• DATA EXTRACTS:

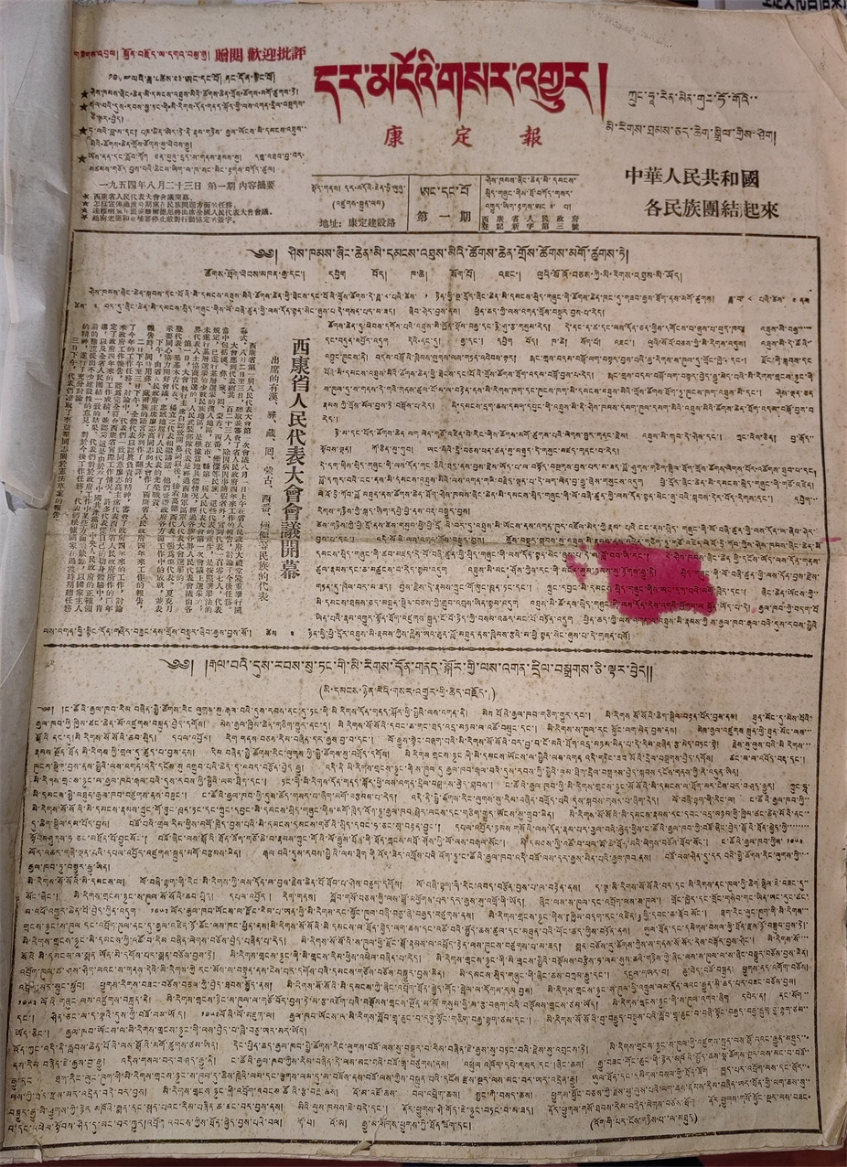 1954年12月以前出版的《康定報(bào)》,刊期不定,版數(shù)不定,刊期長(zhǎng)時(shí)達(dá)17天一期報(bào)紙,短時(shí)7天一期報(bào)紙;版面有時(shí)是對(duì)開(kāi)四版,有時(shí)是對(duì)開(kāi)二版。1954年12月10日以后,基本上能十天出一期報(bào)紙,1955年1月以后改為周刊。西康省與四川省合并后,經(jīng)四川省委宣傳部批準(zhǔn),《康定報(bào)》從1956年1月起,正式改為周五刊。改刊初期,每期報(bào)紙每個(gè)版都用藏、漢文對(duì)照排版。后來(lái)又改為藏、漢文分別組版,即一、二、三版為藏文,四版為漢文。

--

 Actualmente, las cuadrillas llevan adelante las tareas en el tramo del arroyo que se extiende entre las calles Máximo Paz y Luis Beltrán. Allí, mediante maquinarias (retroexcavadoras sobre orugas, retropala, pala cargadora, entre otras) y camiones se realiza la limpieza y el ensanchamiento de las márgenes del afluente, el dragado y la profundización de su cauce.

==

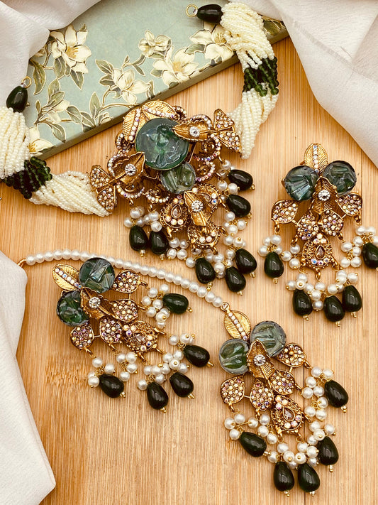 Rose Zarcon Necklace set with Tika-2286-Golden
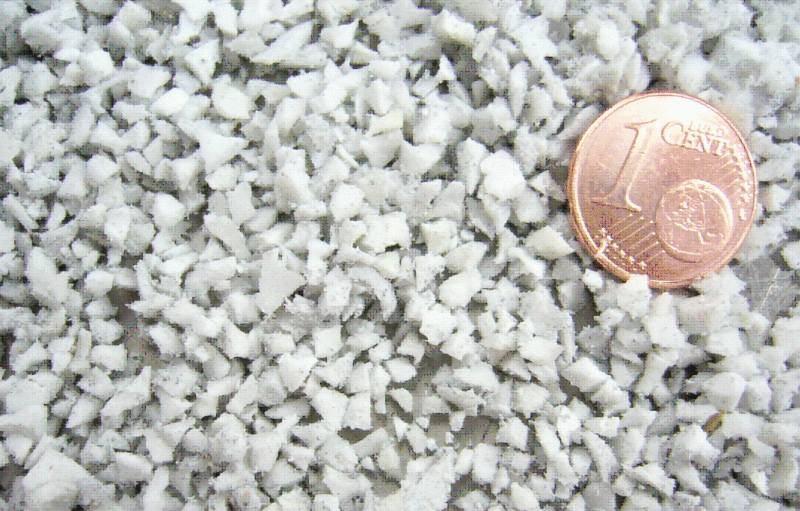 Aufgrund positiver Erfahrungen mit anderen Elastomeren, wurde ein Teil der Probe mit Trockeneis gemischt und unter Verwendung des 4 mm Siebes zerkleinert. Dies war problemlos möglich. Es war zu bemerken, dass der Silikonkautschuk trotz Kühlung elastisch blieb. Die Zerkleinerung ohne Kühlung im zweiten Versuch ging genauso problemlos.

• PROBLEM STATEMENT: Beginning with the line that contains "Rose Zarcon Necklace" and ending with the line that contains "Aufgrund positiver Erfahrungen", reproduce the listing exactly, pictures excluded.

• REPLY:
 Rose Zarcon Necklace set with Tika-2286-Golden
 Aufgrund positiver Erfahrungen mit anderen Elastomeren, wurde ein Teil der Probe mit Trockeneis gemischt und unter Verwendung des 4 mm Siebes zerkleinert. Dies war problemlos möglich. Es war zu bemerken, dass der Silikonkautschuk trotz Kühlung elastisch blieb. Die Zerkleinerung ohne Kühlung im zweiten Versuch ging genauso problemlos.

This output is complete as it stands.